Cinco meses volvidos:


Os dois primeiros parágrafos deste texto foram escritos há cinco meses. Nos últimos cinco meses esperei para ver o que acontecia e de que forma a concretização da realidade coincidia com a mensagem que eu procurava transmitir. Procurava ir digerindo a sucessão de acontecimentos e apalpar a ambiência societal que nos circunda. Agora escrevo durante a realização da JMJ e a realidade aí se afigura tão irónica mas também tão desgraçada. Temos aí o ridículo e temos aí a hipocrisia. Peguem no comando da televisão e metam na transmissão de um qualquer noticiário, e verifiquem se observam o mesmo que eu. Tentem ver muito para lá do Papa Francisco e da sua recta postura institucional e humanitária. Um aspecto em que me equivoquei, quando escrevi os dois primeiros parágrafos há cinco meses, foi que os jovens católicos vinham no «intuito de se juntarem, escutarem homilias enfadonhas e rezarem.» Afinal o intuito não era só esse. Aliás, em retrospectiva, as rezas e as missas são uma parte menor de todo o festival. Em paralelo com os espectáculos de 'música' electrónica, produzidos pelos DJ (pelo menos um deles é padre), onde jovens e magotes de freiras pulam e dançam, em paralelo, também, com as participações e depoimentos de bispos e políticos em uníssono, a JMJ está a ser um evento catalisador de desordem pública e comportamentos ridículos.
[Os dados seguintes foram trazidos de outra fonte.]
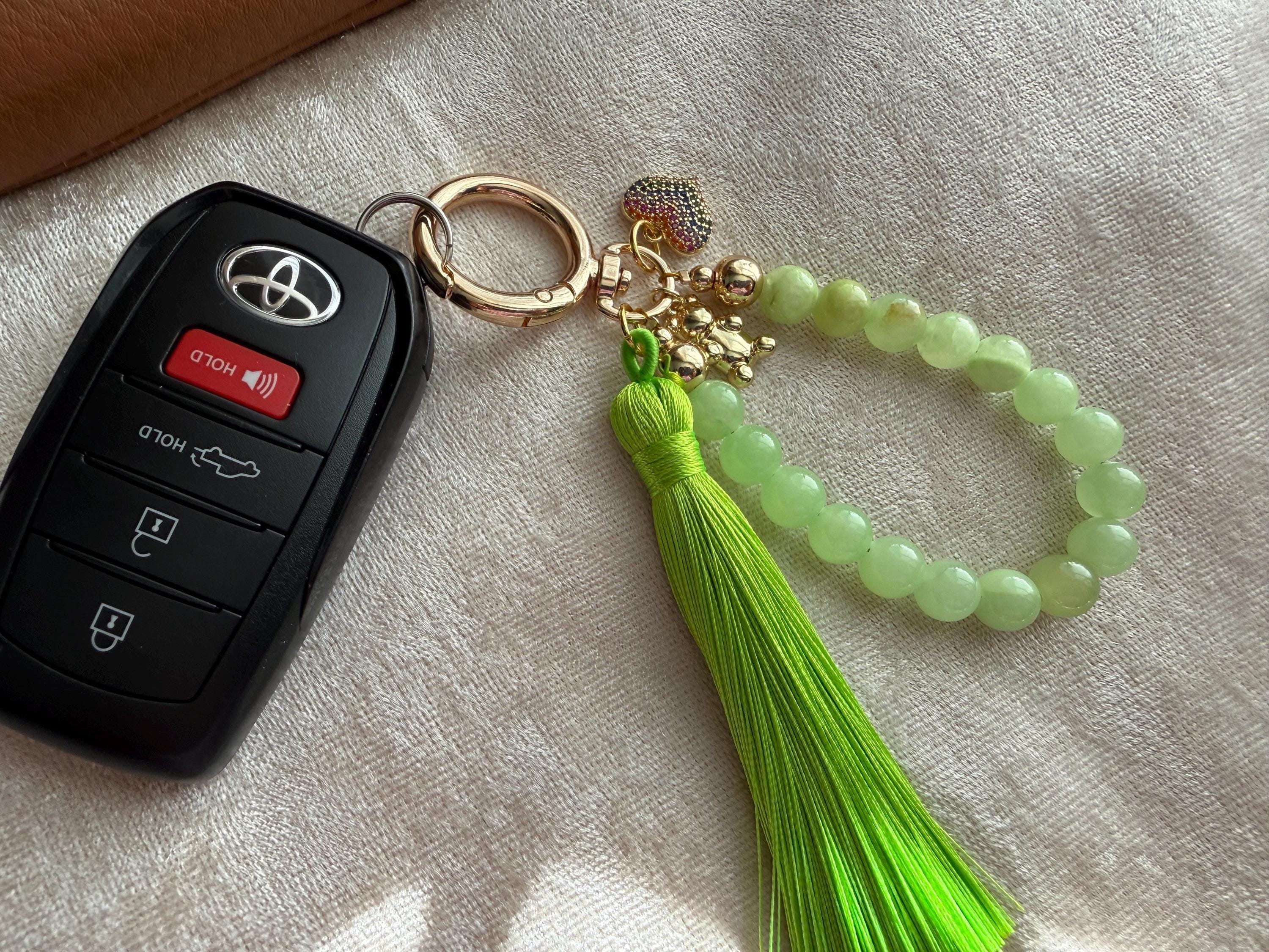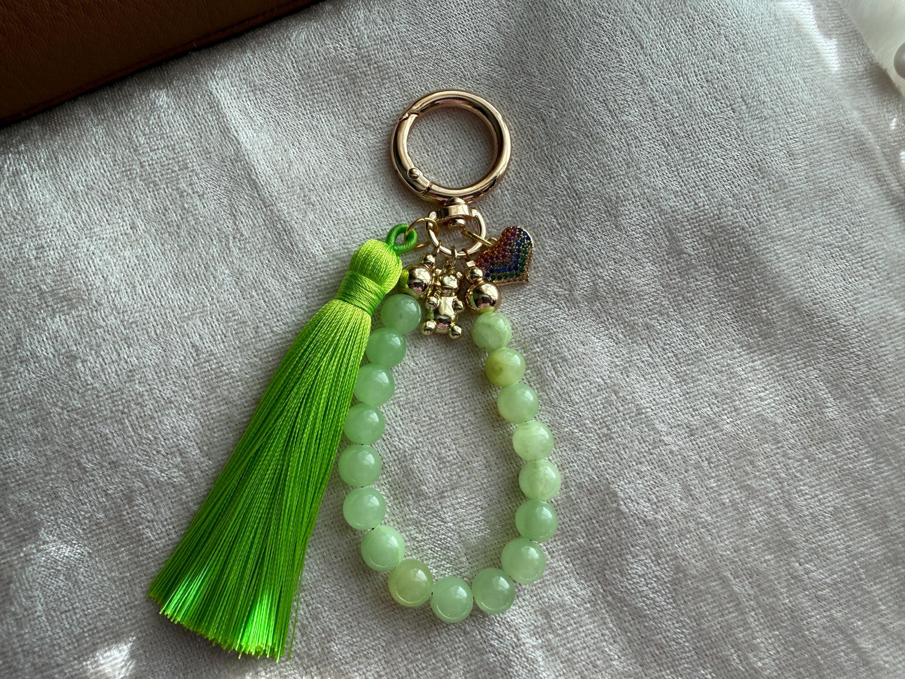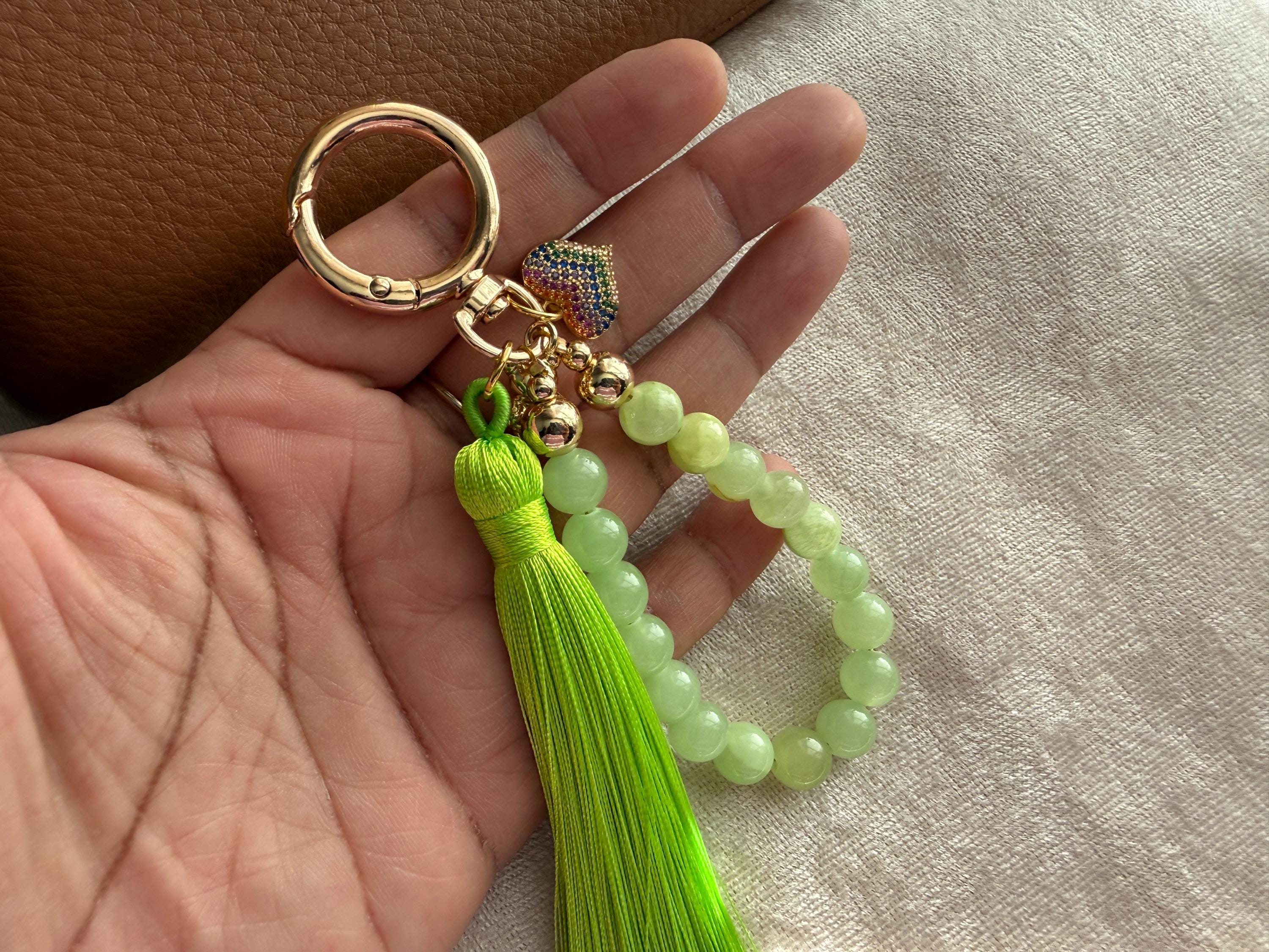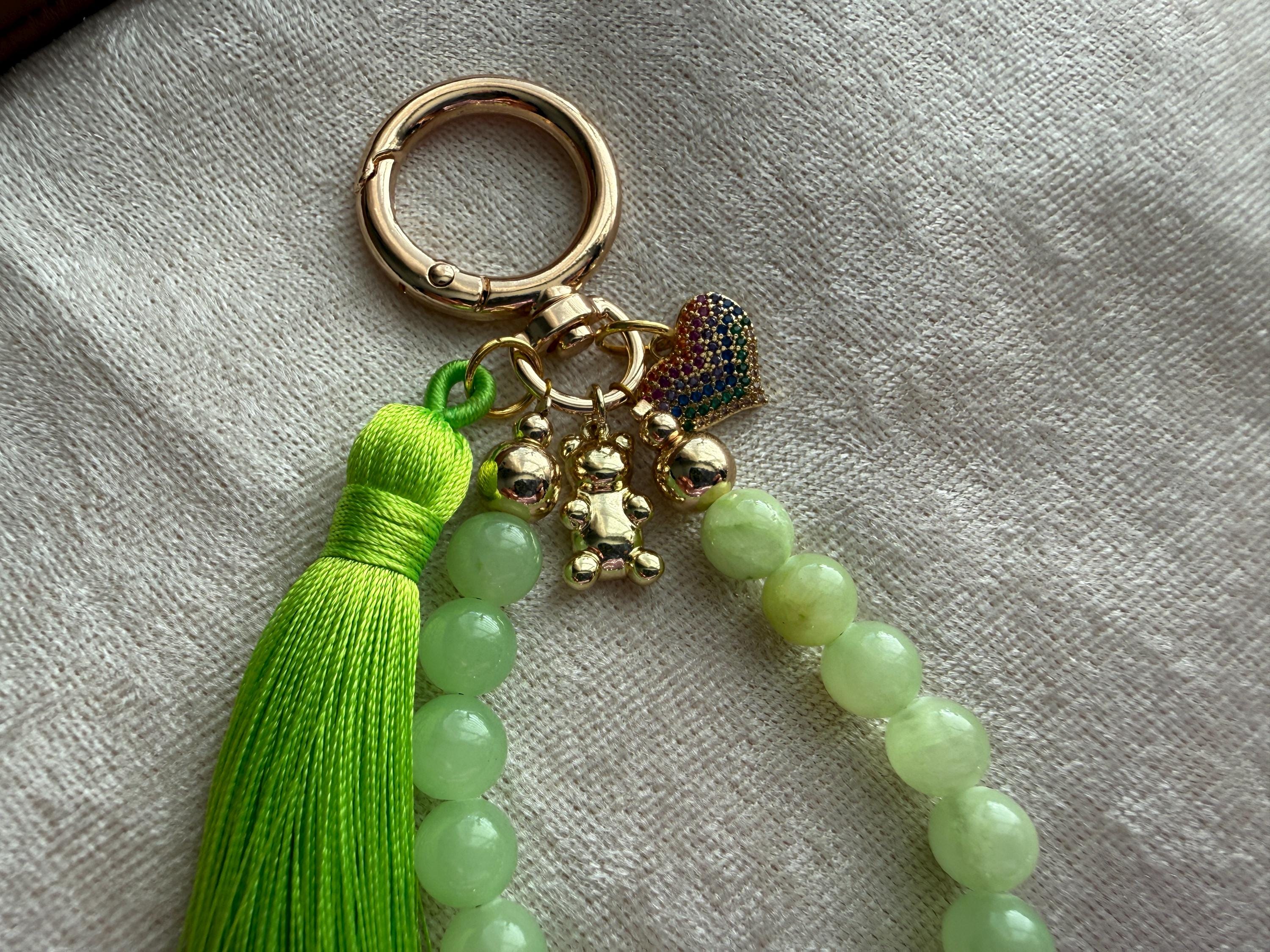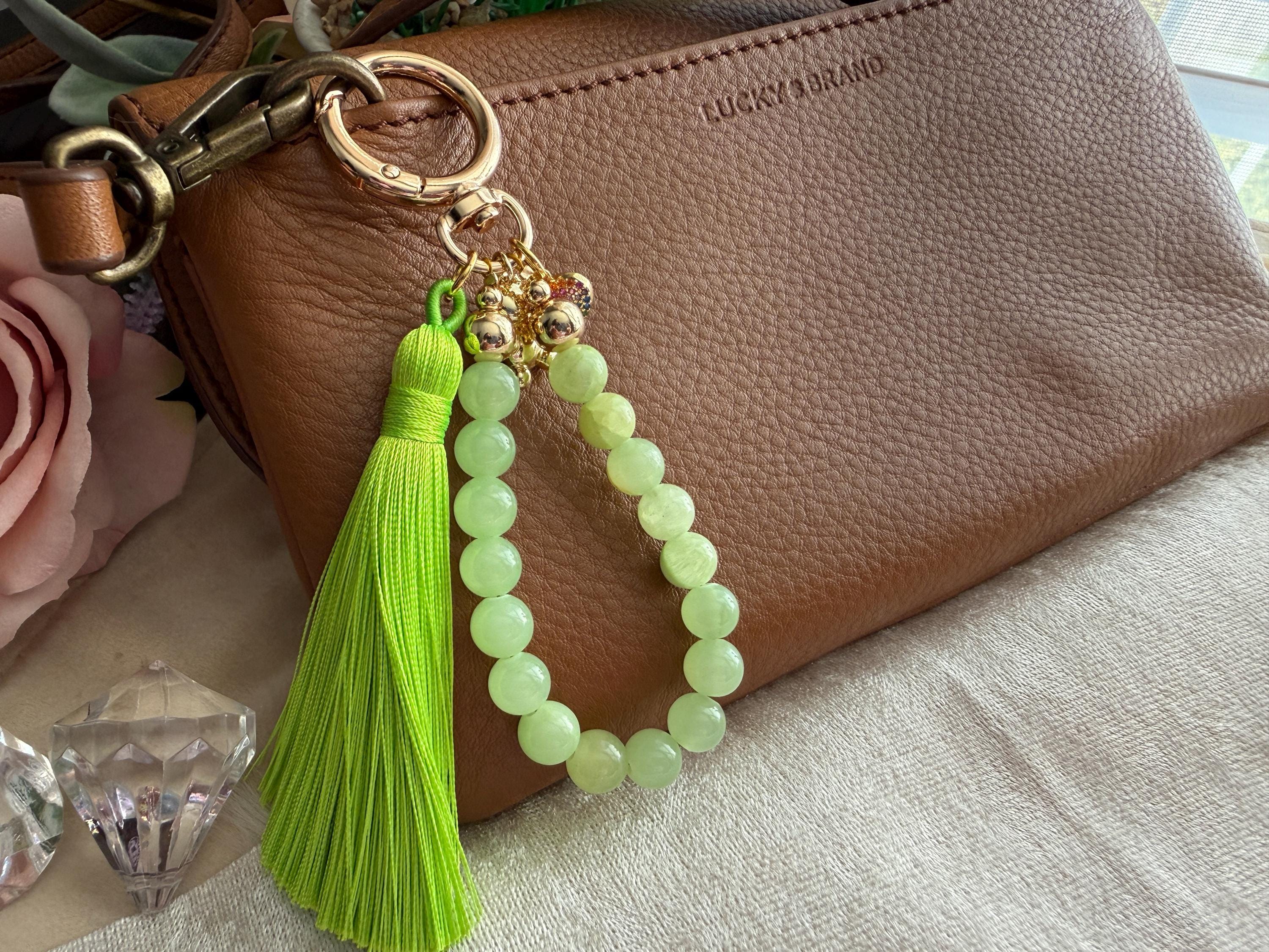 Add a touch of charm and sparkle to your purse, tote, backpack, or keys with this handcrafted gemstone purse charm. Made with lime green calcite gemstone beads, a silky matching tassel, and premium gold-tone hardware, this piece brings a vivid pop of color and energy to any accessory.

Que seja vista a forma como quadrilhas inteiras de juventude católica se tem comportado não só dentro dos comboios metropolitanos de Lisboa - fazendo barulho sem fim e executando números que tiram a paz e o sossego a quem quer ter uma simples viagem de metro (no Japão, por exemplo, aquelas macacadas não seriam toleradas) - e também aquando da transposição das barreiras do metro, como nos têm mostrado vídeos que foram gravados a documentar estes comportamentos para registo histórico. Como nos mostra um vídeo, filas paralelas destas pessoas furam pelas barreiras, sem passarem cartão, desrespeitando o serviço público de transportes e causando estorvo ao transeunte comum. Em Lisboa isto chama-se passar à pica. Mas neste caso não são um nem dois, são dezenas deles, católicos de confissão e cristãos de acção (dizem… )


Antes de voltar às vicissitudes de hipocrisia e contradição que dominam a mentalidade da JMJ, gostaria de falar da parte política e económica que assiste toda esta problemática. Em primeiro lugar, à semelhança da cronista Joana Petiz, Carlos Moedas, autarca do Município de Lisboa, também não tem a mínima noção dos fundamentos universalistas que assistem o Cristianismo e que assistiram a instituição das Jornadas Mundiais da Juventude, em 1985, com a assinatura do Papa João Paulo II. Mais nada fala o indivíduo que não seja a projecção de Lisboa para o mundo e a instituição de Lisboa como capital mundial da juventude. É banalidade atrás de banalidade e politiquice atrás de politiquice. Se elegermos levar a sério os fundamentos que são a raiz da instituição das JMJ, estes não têm que ver com a elevação da urbe para onde a peregrinação irá confluir mas sim com o alcançar de uma experiência espiritual colectiva e multicultural e a colocação da juventude no centro da reflexão religiosa do Catolicismo. Ainda que se diga católico, Moedas percebe muito pouco daquilo que se passa com a sua cegueira na sua preciosa cidade (cidade essa que é o nosso eucalipto nacional, pois seca tudo à volta) e comete o pecado de meter o nacional e provinciano à frente dos alegados propósitos universalistas, religiosos e espirituais, desta enorme peregrinação.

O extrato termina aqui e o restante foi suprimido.